Then there’s the uncomfortable and inconvenient truth that any of us could have DNA present at a crime scene—even if we were never there. Moreover, DNA recovered at a crime scene could have been deposited there at a time other than when the crime took place. Someone could have visited beforehand or stumbled upon the scene afterward. Alternatively, their DNA could have arrived via a process called secondary transfer, where their DNA was transferred to someone else, who carried it to the scene.

But there is a DNA case that was (originally) puzzling. Actually, a whole bunch of DNA cases.

There is an interesting case, known as the Phantom of Heilbonn, that dates from 1993 in Austria, France and Germany. From that year the DNA of an unknown female was detected at crime scenes in those countries, including at six murder scenes, one of the victims being a female police officer from Heilbronn, Germany. Between 1993 and March 2009 the woman’s DNA was detected at 40 crime scenes which ranged from murder to burglaries and robberies. The DNA was found on items ranging from a biscuit to a heroin syringe to a stolen car.

Then it got really weird.

In March 2009 investigators discovered the same DNA on the burned body of a male asylum-seeker in France. Now this presented something of an anomaly: the corpse was male but the DNA was of a female.

You guessed it; it was the swabs themselves that were contaminated.

So a DNA match is just the start of an investigative process, but it could provide the investigative lead that eventually leads to the conviction of an individual.

Perhaps you’ve noticed that I use the phrase “investigative lead” a lot when talking about DNA and about facial recognition. Trust me, it’s important.

But is the taking of DNA at booking Constitutional?

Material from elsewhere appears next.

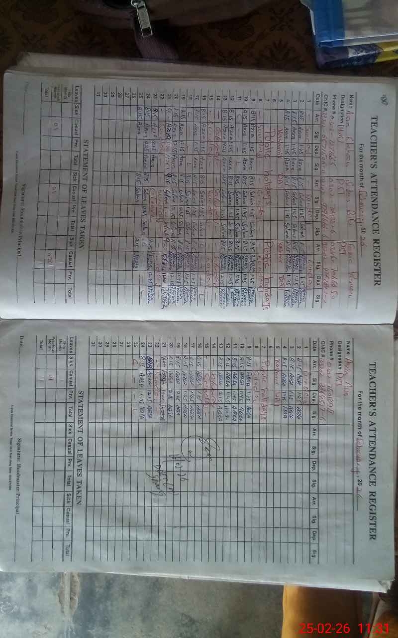 | Name: Az**** Sh**** Designation: (School Headmaster's/Headmistress's) PST Phone/Cell Number: 03**** |
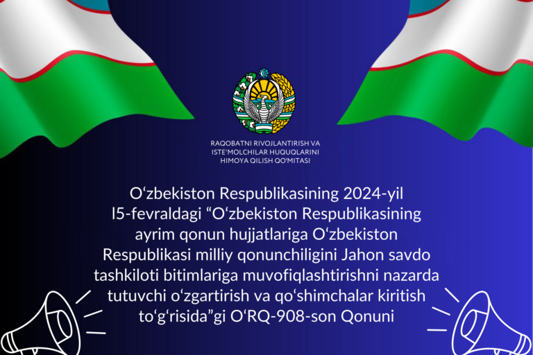 Avg202024 Raqobatni rivojlantirish va iste’molchilar huquqlarini himoya qilish qo‘mitasi tomonidan e’lon qilingan… 20.08.2024

Obviously this is a huge question, because technical ability to do something does not automatically mean that you are Constitutionally authorized to do so. There is, after all, Fourth Amendment language protecting us against “unreasonable searches and seizures.”

Is the taking of DNA from arrestees who have not been convicted (assuming state law allows it) reasonable, or unreasonable?

Alonzo Jay King, Jr. had a vested interest in this question.

Alonzo Jay King Jr…was arrested in 2009 on assault charges. Before he was convicted of that crime, police took a DNA sample pursuant to Maryland’s new law allowing for such collections at the time of arrest in certain offenses….

I want to pause right here to make sure that the key point is highlighted. King, an arrestee who had not been convicted at the time of any crime, was compelled to provide evidence. At the time of arrest, collection of certain types of evidence (such as fingerprints) is “reasonable.” But collection of certain other types of evidence (such as a forced confession) is “unreasonable.”

So King’s DNA was taken and was searched against a Maryland database of DNA from unsolved crimes. You won’t believe what happened next! (Actually, you will.)

The DNA matched a sample from an unsolved 2003 rape case, and Mr. King was convicted of that crime.

Sentenced to life in prison, actually.

Wicomico County Assistant State’s Attorney Elizabeth L. Ireland said she requested the court impose a life sentence on King, not only because of his past criminal convictions, but also because it turned out that he was a friend of the victim’s family. She said this proved King was a continuing danger to the community.

Before you say, “well, if he was the rapist, he should be imprisoned, legal niceties notwithstanding,” think of the implications of that statement. The entire U.S. legal system is based upon the premise that it is better for a guilty person to mistakenly go free than for an innocent person to mistakenly be punished.

And if that doesn’t sink in…what if YOU were arrested and convicted unlawfully? What if a plate analyzing YOUR DNA wasn’t cleaned properly, and you were unjustly convicted of rape? Or what if a confession were coerced from YOU, and used to convict you?

So King’s question was certainly important, regardless of whether or not he actually committed the rape for which he was convicted.

King therefore appealed on Fourth Amendment grounds, the Maryland Court of Appeals overturned his conviction (PDF), and the State of Maryland brought the case to the U.S. Supreme Court in 2013 (Maryland v. King). In a close 5-4 decision (PDF) in which both conservatives and liberals were on both sides of the argument, the Court ruled that the taking of DNA from arrestees WAS Constitutional.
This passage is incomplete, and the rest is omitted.